Problem> What follows is a listing to transcribe exactly, leaving the pictures out.

Source material>
------------------------------------
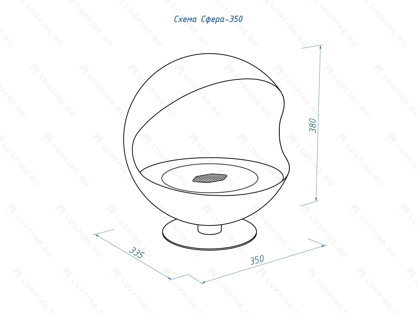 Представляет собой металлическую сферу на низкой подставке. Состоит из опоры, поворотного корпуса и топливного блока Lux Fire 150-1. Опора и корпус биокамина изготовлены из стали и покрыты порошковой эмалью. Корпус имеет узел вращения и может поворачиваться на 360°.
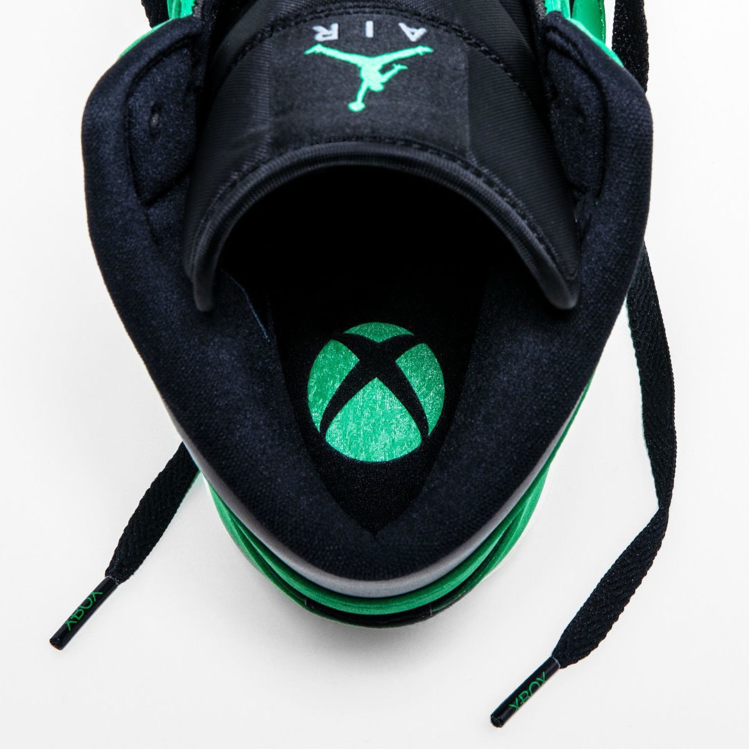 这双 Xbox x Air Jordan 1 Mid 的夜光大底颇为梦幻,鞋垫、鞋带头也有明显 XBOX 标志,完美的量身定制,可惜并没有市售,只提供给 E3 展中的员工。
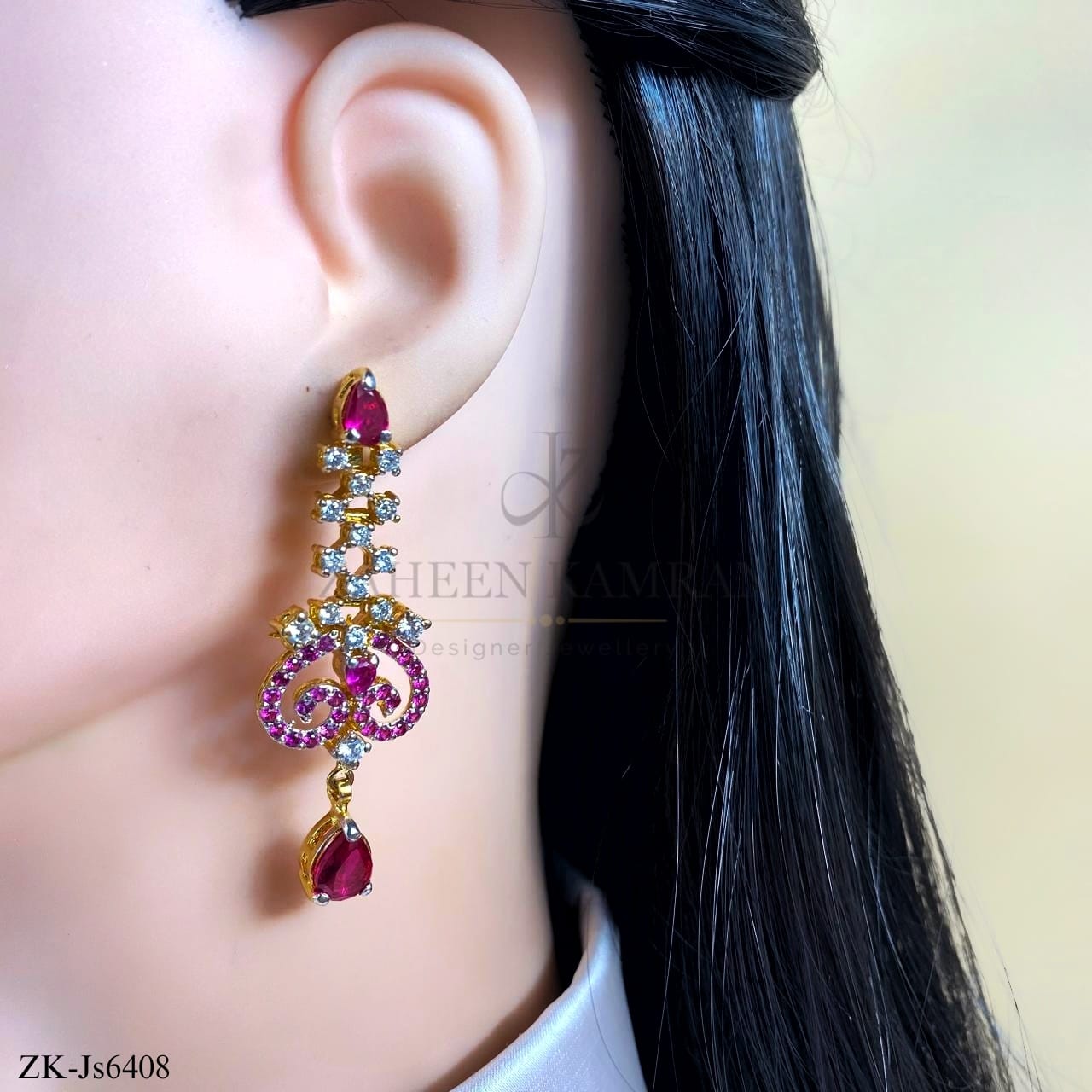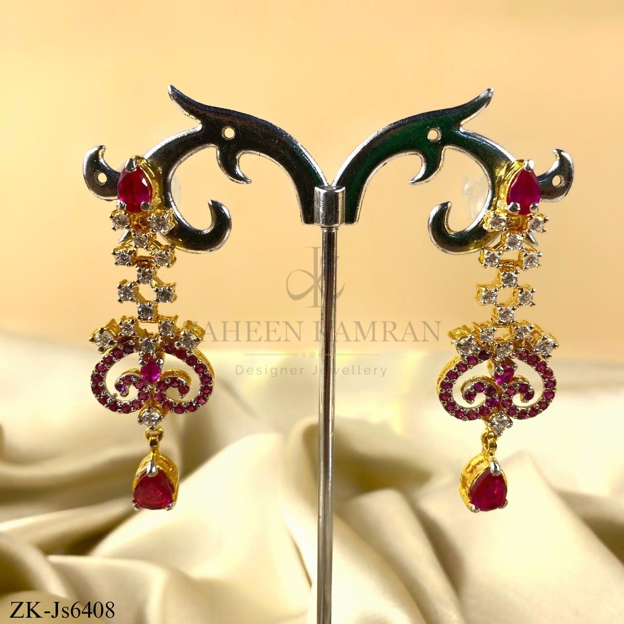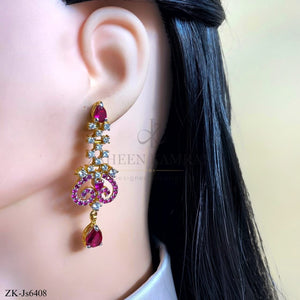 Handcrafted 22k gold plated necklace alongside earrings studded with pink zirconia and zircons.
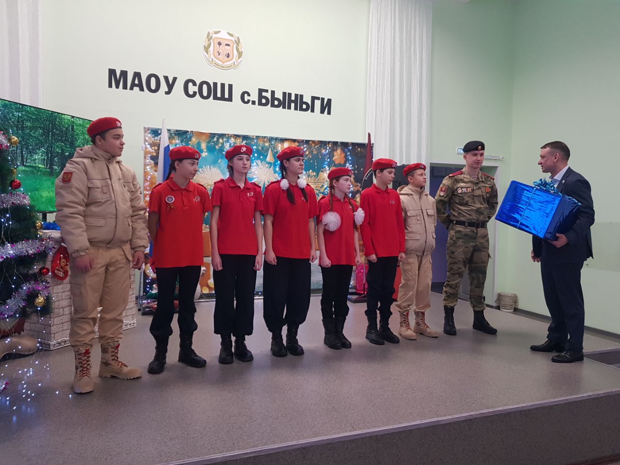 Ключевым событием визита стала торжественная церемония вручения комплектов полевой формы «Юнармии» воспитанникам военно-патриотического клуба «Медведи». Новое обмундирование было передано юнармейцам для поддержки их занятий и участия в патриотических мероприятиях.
------------------------------------
Exercise result>
 Представляет собой металлическую сферу на низкой подставке. Состоит из опоры, поворотного корпуса и топливного блока Lux Fire 150-1. Опора и корпус биокамина изготовлены из стали и покрыты порошковой эмалью. Корпус имеет узел вращения и может поворачиваться на 360°.
 这双 Xbox x Air Jordan 1 Mid 的夜光大底颇为梦幻,鞋垫、鞋带头也有明显 XBOX 标志,完美的量身定制,可惜并没有市售,只提供给 E3 展中的员工。
 Handcrafted 22k gold plated necklace alongside earrings studded with pink zirconia and zircons.
 Ключевым событием визита стала торжественная церемония вручения комплектов полевой формы «Юнармии» воспитанникам военно-патриотического клуба «Медведи». Новое обмундирование было передано юнармейцам для поддержки их занятий и участия в патриотических мероприятиях.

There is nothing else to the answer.